"Cara Signora,
ricorre domani il decimo anniversario della morte di Bettino Craxi, e io desidero innanzitutto esprimere a lei, ai suoi figli, ai suoi famigliari, la mia vicinanza personale in un momento che è per voi di particolare tristezza, nel ricordo di vicende conclusesi tragicamente. Non dimentico il rapporto franco e leale con lui. Non dimentico il rapporto che fin dagli anni '70 ebbi con lui per il ruolo che allora svolgevo nella vita politica e parlamentare. Si trattò di un rapporto franco e leale, nel dissenso e nel consenso che segnavano le nostre discussioni e le nostre relazioni anche sul piano istituzionale. E non dimentico quel che Bettino Craxi, giunto alla guida del Partito Socialista Italiano, rappresentò come protagonista del confronto nella sinistra italiana ed europea.

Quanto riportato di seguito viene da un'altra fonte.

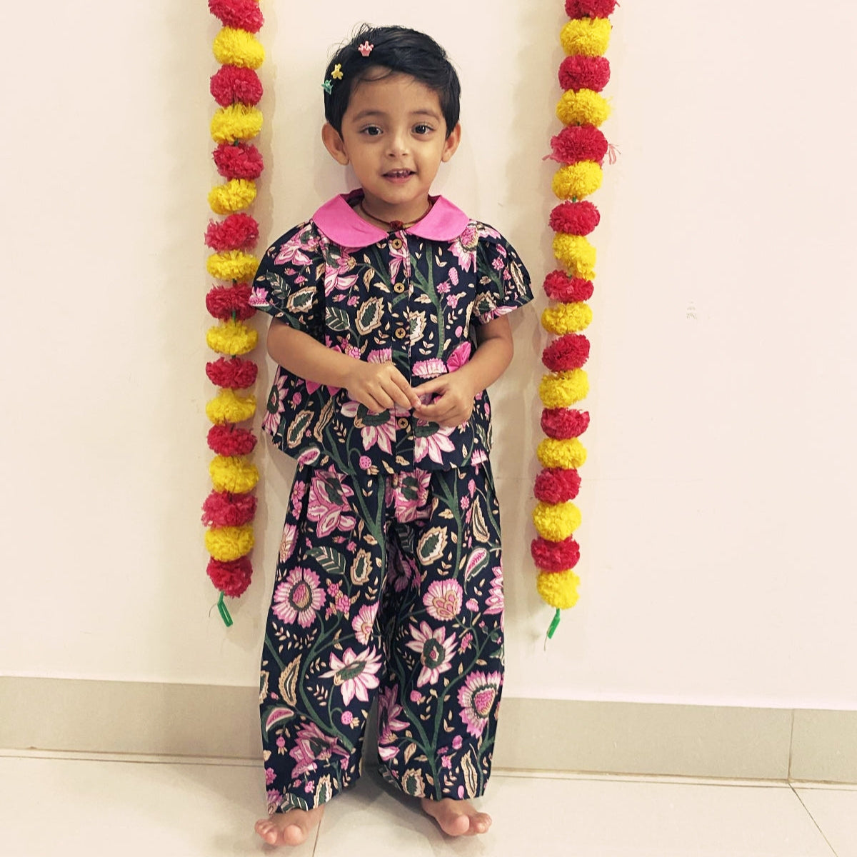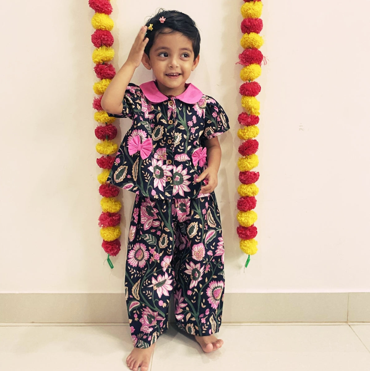 Let your little one shine in this charming baby girl co-ord set, crafted from 100% breathable Jaipuri cotton. The vibrant Black and pink floral print reflects authentic Rajasthani artistry while ensuring all-day comfort.
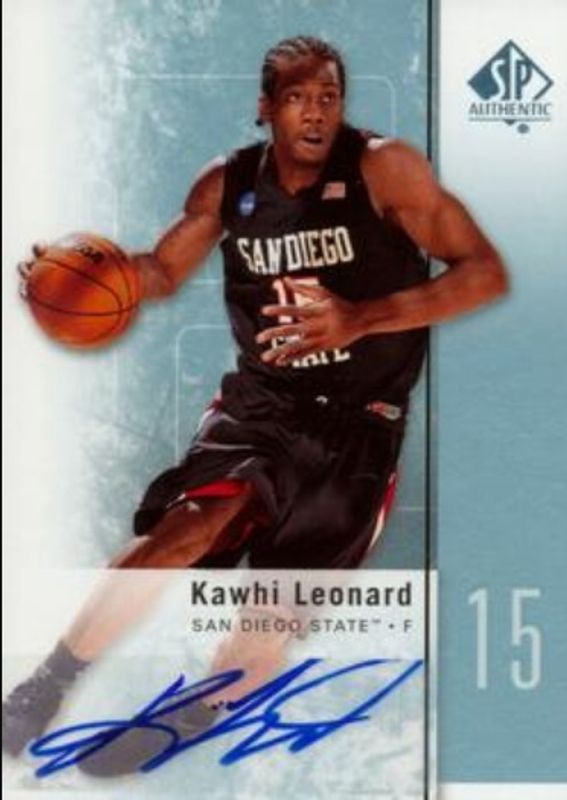 The Kawhi Leonard 2011 SP Authentic #27 Autographs /3 Rookie card is 1 of 6 Kawhi Leonard's card variations in the 2011 SP Authentic set being tracked by Sports Card Investor, including #27 Base, #88 Base, #88 Rookie FX, #88 Autographs /3, and #27 Autographs Gold /3.
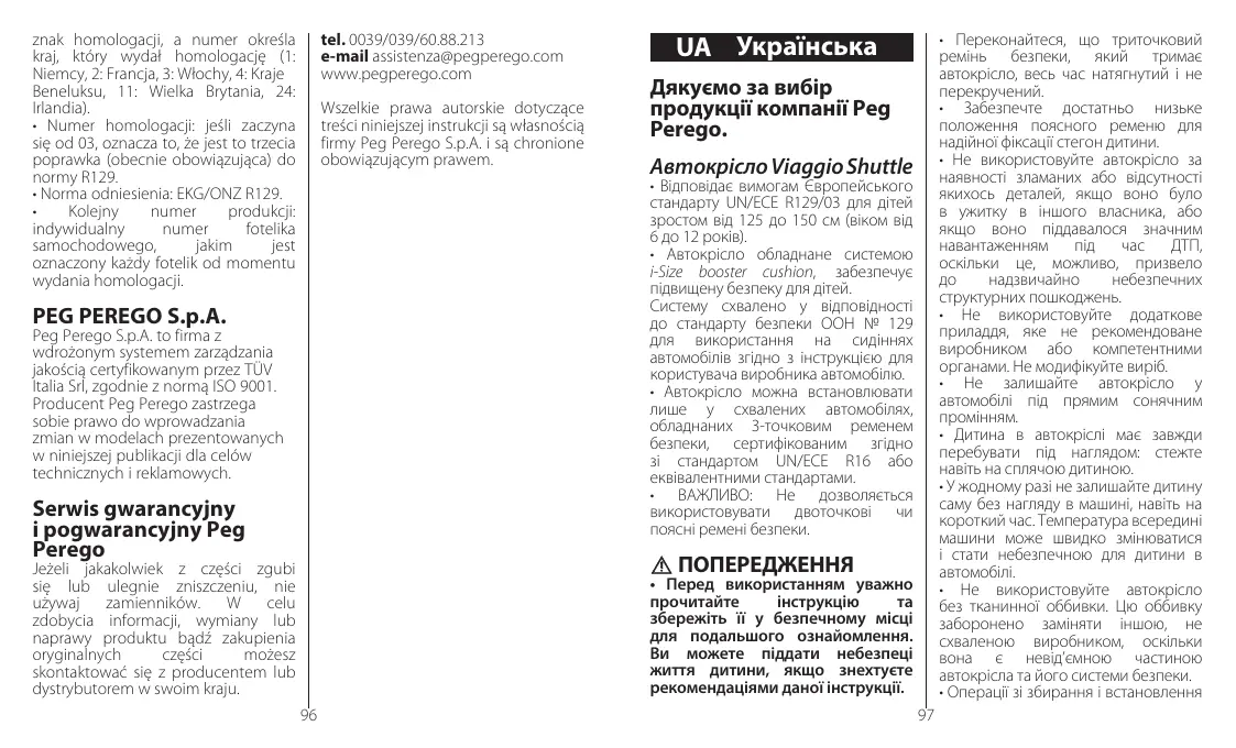 Viaggio Shuttle - автокрісло PEG PEREGO - Безкоштовний посібник користувача
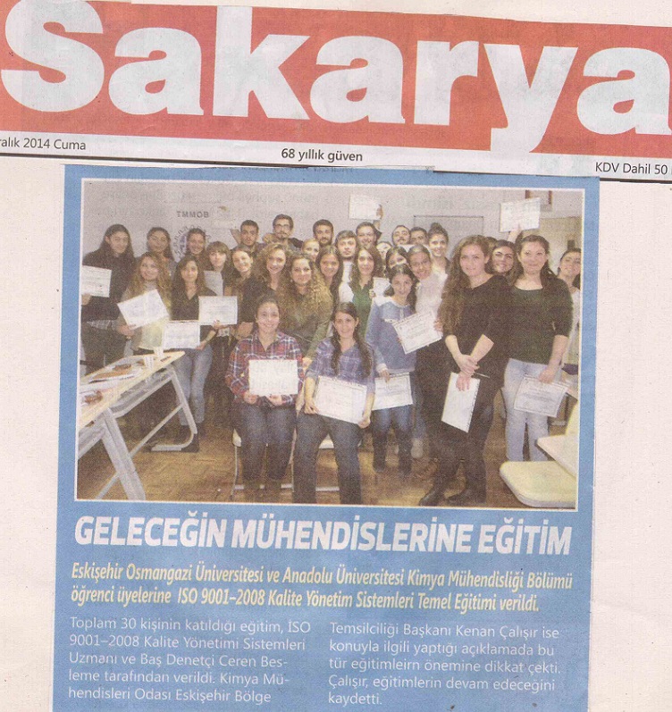 29-30 Kasım 2014 tarihlerinde Eskişehir Osmangazi Üniversitesi ve Anadolu üniversitesi Kimya Mühendisliği Bölümü öğrenci üyelerimize ve üyelerimize, ISO 9001–2008 Kalite Yönetim Sistemleri Temel Eğitimi verilmiştir. Eğitime toplam 30 kişi katılmıştır. Eğitimde konuları İSO 9001–2008 Kalite Yönetimi Sistemleri Uzmanı ve Baş Denetçi Ceren BESLEME anlatmıştır.
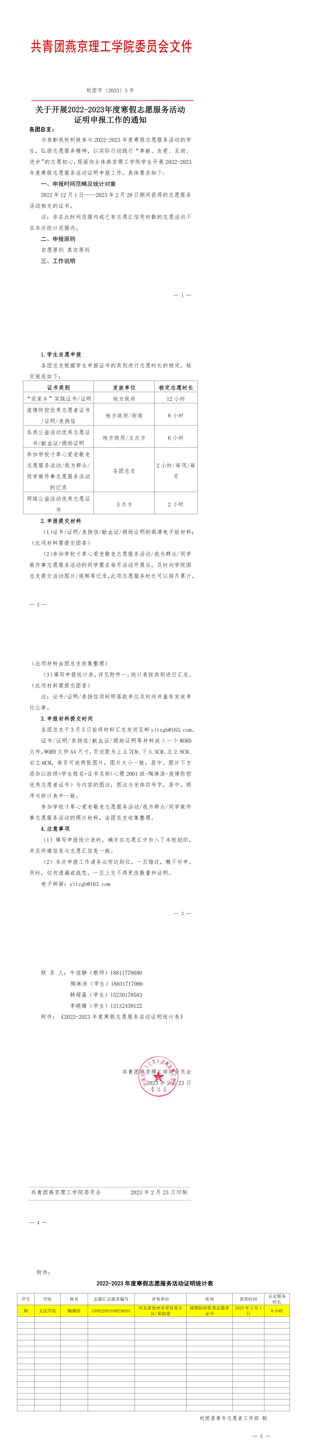 关于开展2022-2023年度寒假志愿服务活动证明申报工作的通知
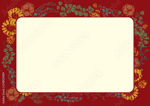 レトロな花と植物のフレーム 背景素材 ベクター 赤系
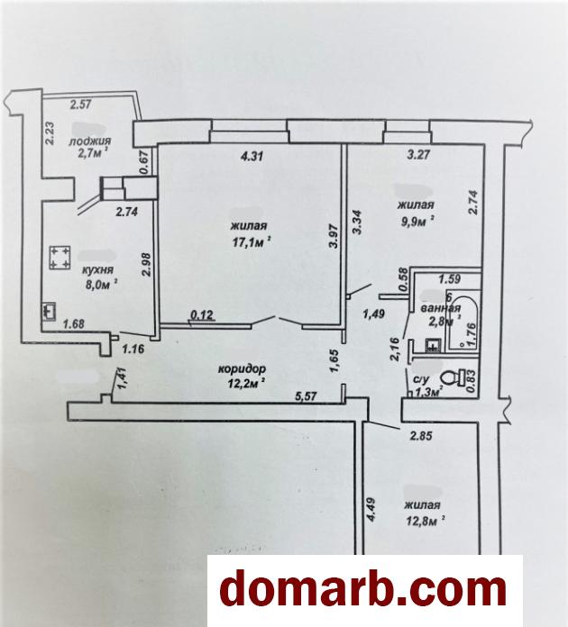 На полу ДСП и ламинат. Две большие лоджии. Окна частично ПВХ. Требуется ремонт.
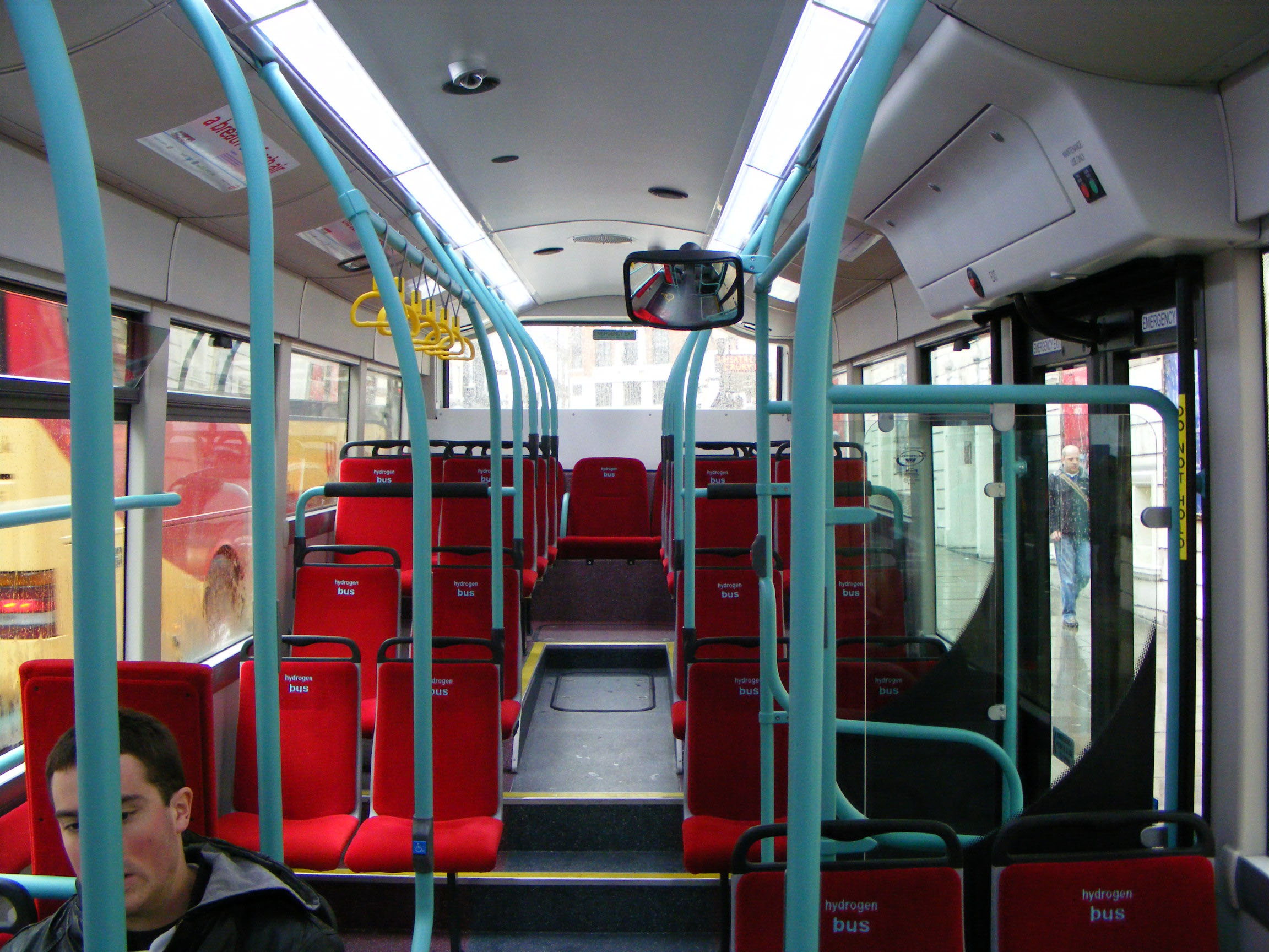 The interior of WSH62993 shows the special "Hydrogen Bus" emblazoned seats, but nothing yet inside the bus to inform the passengers as to what exactly a hydrogen bus is.
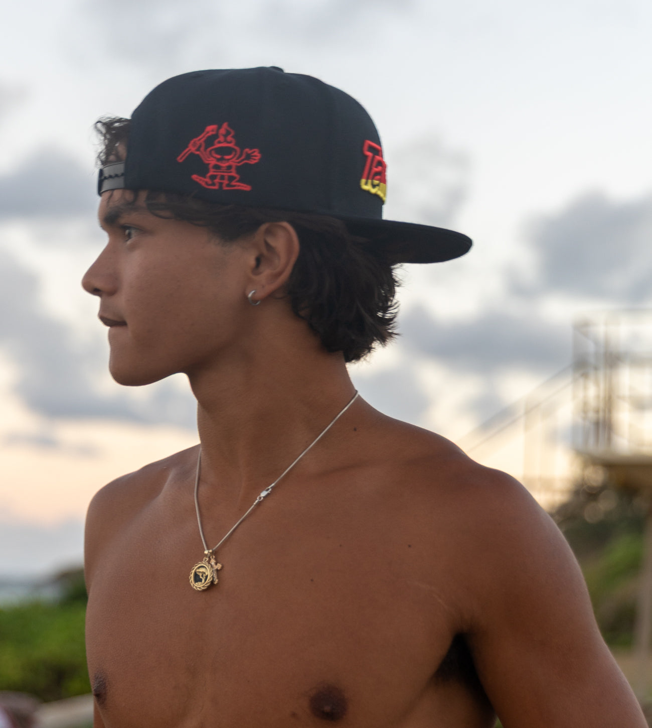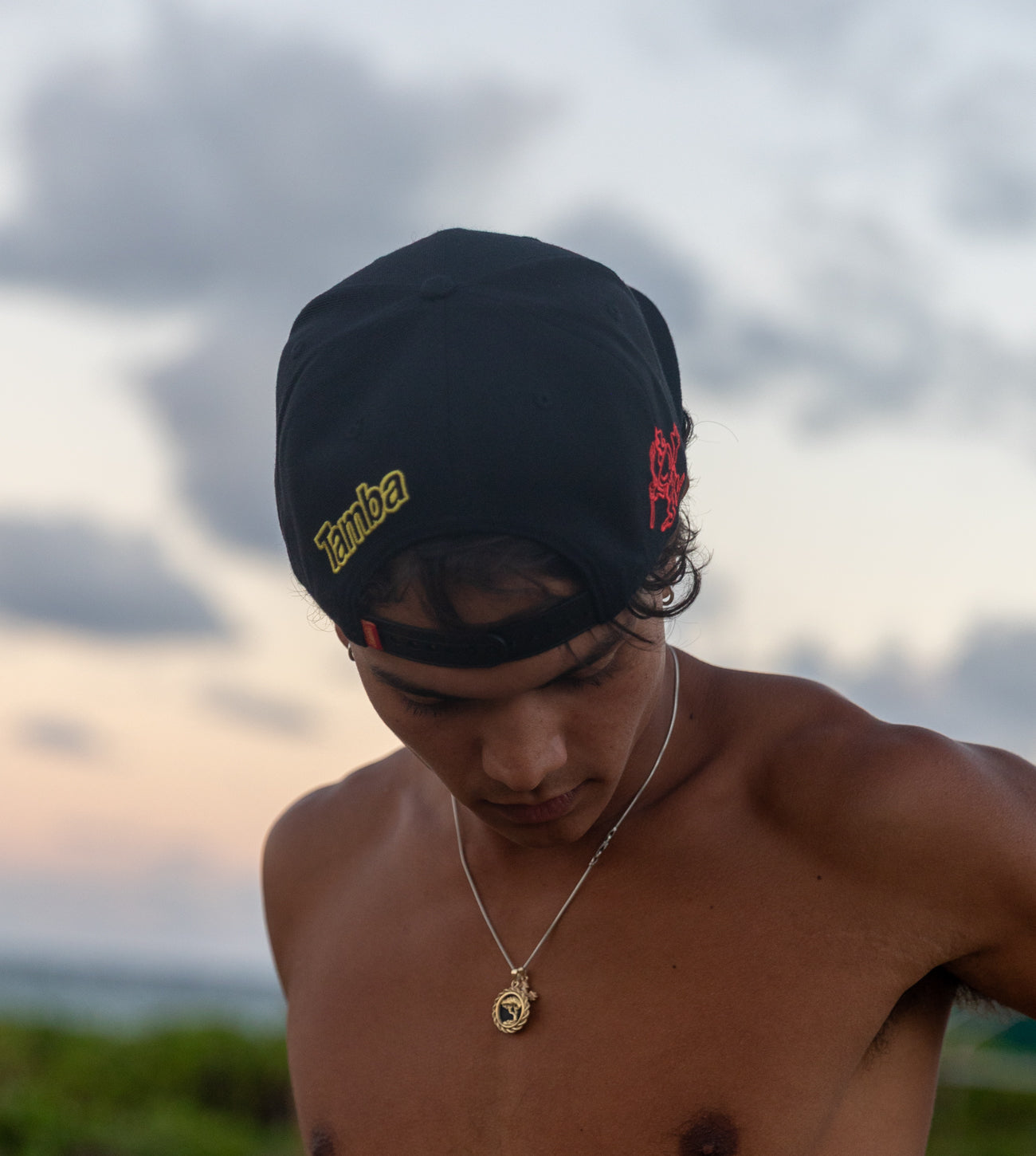 Things are looking up! Classic Tamba 3D logo on front in Red/Yellow gradient colors. Flat embroidered Tamba on back of hat in yellow and classic Warrior on back/right side in red. "Dreams Do Come True" label on inner band, and authentic red Tamba tag on the back strap. And get this: the hat-shaped price tag is a Tamba sticker! 83% Acrylic, 15% wool, 2% PU spandex. High profile, 3-3/4" crown, flat visor, 6-panel construction, snap closure, OSFA (6-1/2" - 7-7/8").
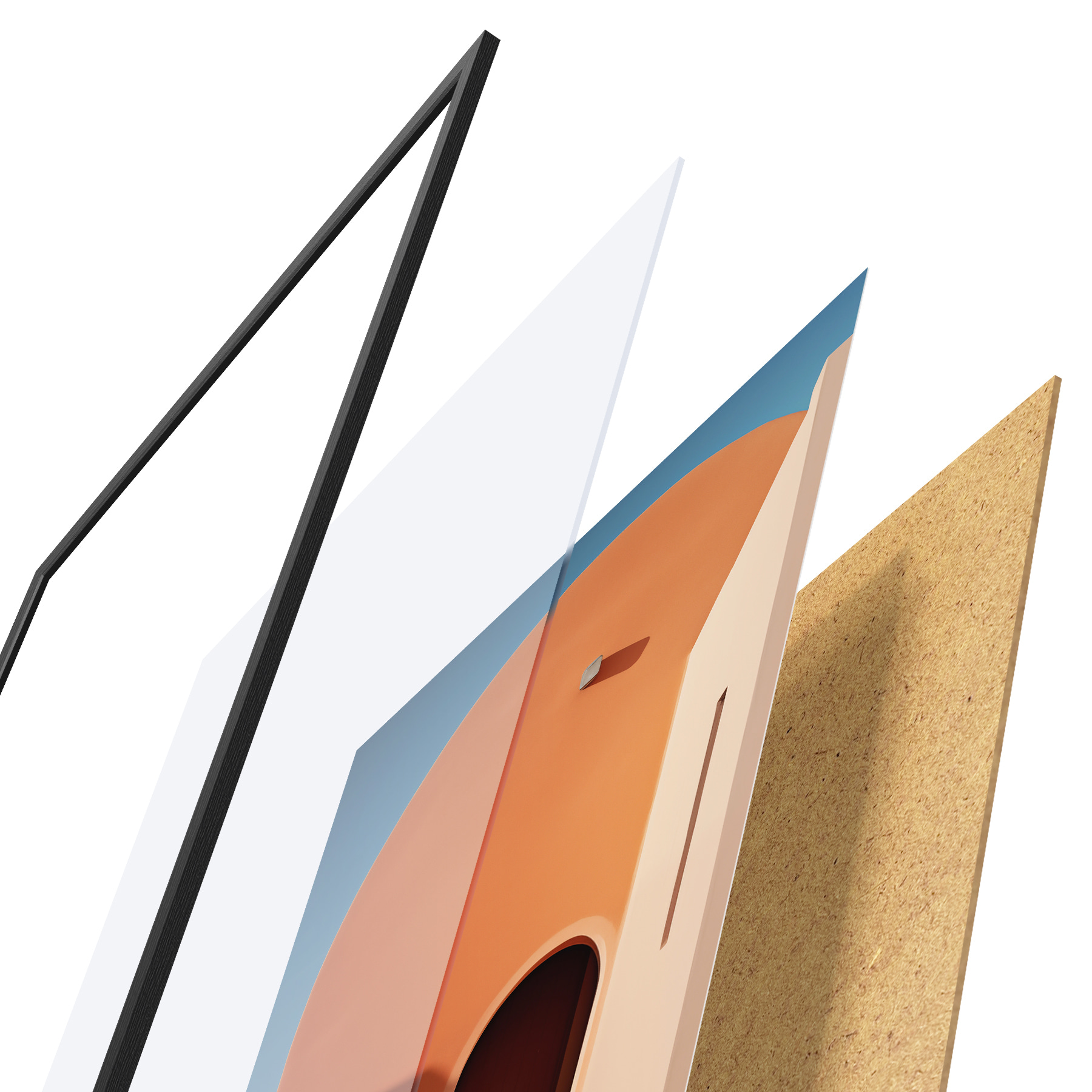 Plakatą sudaro rėmas, pleksiklas, atspausdintas vaizdas ir medžio drožlių plokštės pagrindas. Plakatą galima iš karto pakabinti ant sienos dėl kitoje pusėje esančių laikiklių.

Ma non è su ciò che oggi posso e intendo tornare. Per la funzione che esercito al vertice dello Stato, mi pongo, cara Signora, dal solo punto di vista dell'interesse delle istituzioni repubblicane, che suggerisce di cogliere anche l'occasione di una ricorrenza carica - oltre che di dolorose memorie personali - di diversi e controversi significati storici, per favorire una più serena e condivisa considerazione del difficile cammino della democrazia italiana nel primo cinquantennio repubblicano.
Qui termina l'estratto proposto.